For one, the tenant profile mix has been heading towards more big-format activity-based retail concepts; operators in these categories aren’t prime candidates for high rentals.

Moreover, the onslaught on brick-and-mortar stores from e-commerce/online retailing has not abated. The labour crunch also continues to plague retailers here.

Shopper dollars also continue to leak overseas, given the penchant of Singaporeans for shopping overseas. There is also fear in some quarters that retail spending by tourists in Singapore may take a hit from the alignment of luxury goods prices in China to global standards.

As for the resident population here, it would not be an exaggeration to say that other than necessity shopping at supermarkets, and unless there are extremely attractive sales promotions, most folks visit malls to eat, window shop or catch up with friends.

In such a climate, retailers here would be hard put to stomach any sizeable rental hikes.
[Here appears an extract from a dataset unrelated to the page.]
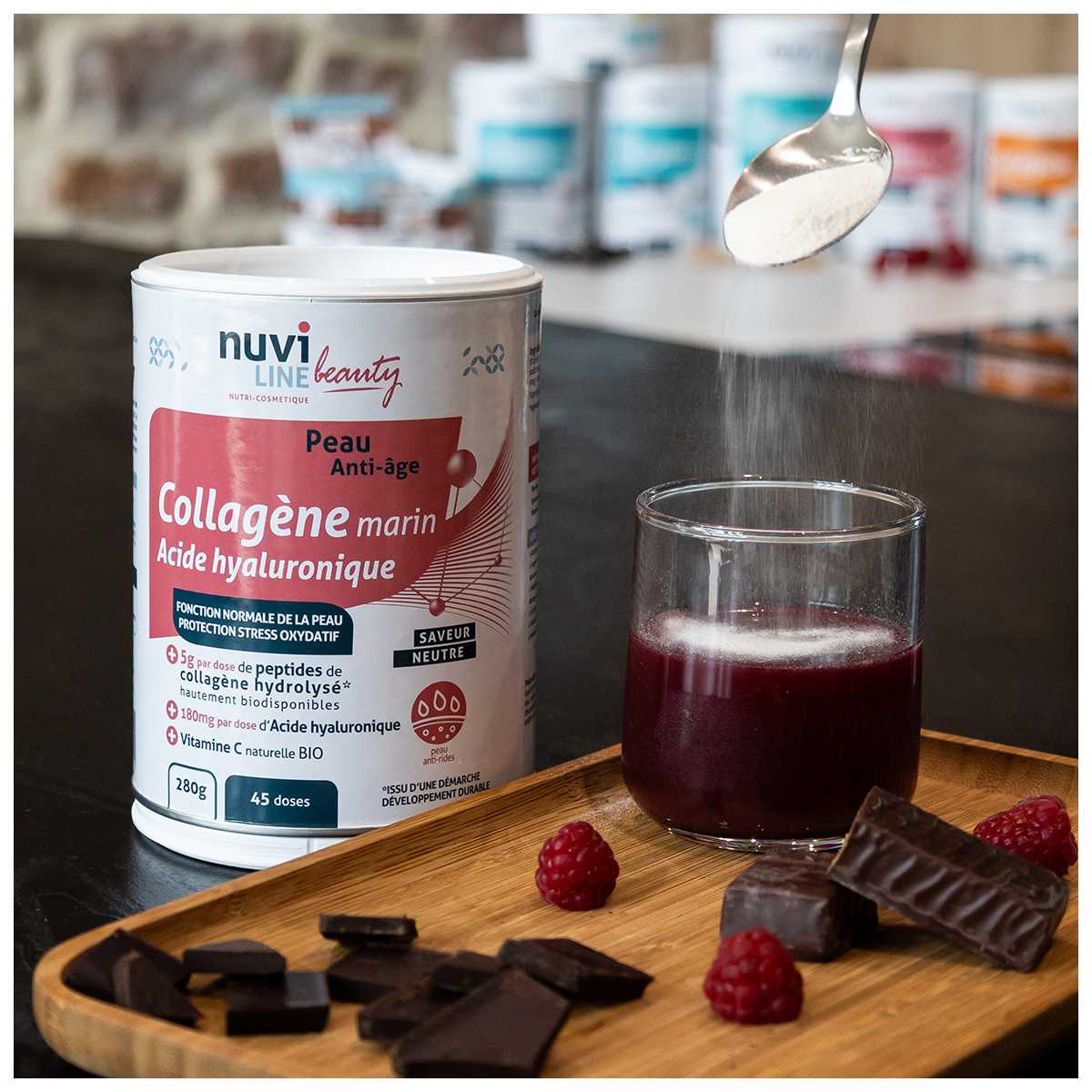 Il a une action nourrissante "de l'intérieur" : il peut ainsi être utilisé en complément d'une solution topique (ex. crème cosmétique) dont l'effet est obligatoirement limité en application sur la peau car la barrière cutanée empêche l’absorption des actifs considérés comme étrangers au corps. En revanche, lorsque l’on boit ou que l’on ingère du collagène, la majeure partie est absorbée par les parois intestinales et utilisée correctement par la peau.

Prime retail malls in Singapore – whether in the Orchard Road strip or in the suburbs – are mostly held by strong landlords or real estate investment trusts (Reits), and the balance of power tends to be in their favour. In the pursuit of higher returns to shareholders, these landlords would have reason to find some cheer in the latest URA data. But the retailing scene remains tough, and landlords will have to balance their bottomlines with ensuring their tenants can first survive.